Social mercylessness

Strikingly, it is among the young in particular, among those most thoroughly inculcated with the ideology of anti-hate, that social mercilessness reigns supreme. The ‘cold-blooded grasping’ in certain youthful circles – ‘a hunger to take and take and take, but never give’, ‘a massive sense of entitlement’, ‘an ease with dishonesty and pretension and selfishness that is couched in the language of self-care, ‘an astonishing level of self-absorption, language that is slick and sleek but with little emotional intelligence, ‘a passionate performance of virtue that is well executed in the public space of Twitter, but not in the intimate space of friendship’.
And, of course, ‘an unrealistic expectation of puritanism from others’. They will ‘demand that you denounce your friends for flimsy reasons in order to remain a member of the chosen puritan class’, says Adichie.

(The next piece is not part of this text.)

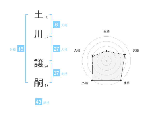 土川 譲嗣さんの地格は37画の5点!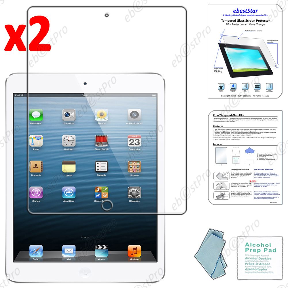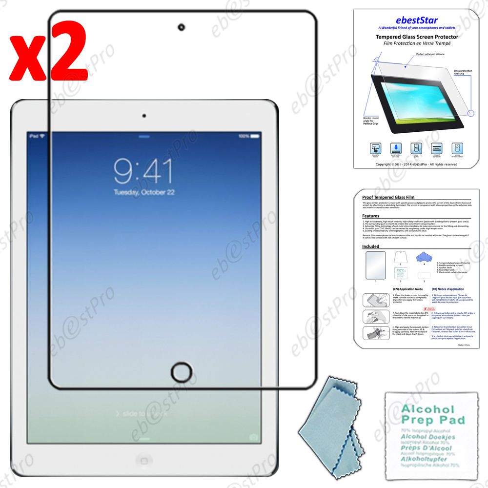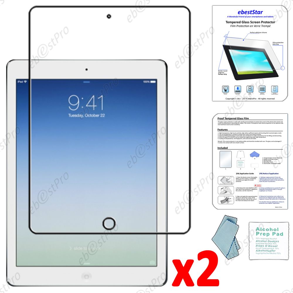Ebeststar ® Pour Apple Ipad Air, Ipad 5, Ipad Air Wi-Fi, 3g Lot X2 Verre Trempé Protecteur Anti Casse, Anti-Rayure, Anti Choc Vitre Protection + Lingette De Nettoyage / Accessoires Pour La Pose

They will tell you to ‘educate yourself’ while ‘not having actually read any books themselves’. They will ‘wield the words “violence” and “weaponise” like tarnished pitchforks’.

The end result? A new generation that is terrified of saying the wrong thing, of entertaining the wrong thought, lest they be ‘attacked by their own’.

The assumption of good faith is dead. What matters is not goodness but the appearance of goodness. We are no longer human beings. We are now angels jostling to out-angel one another. God help us. It is obscene.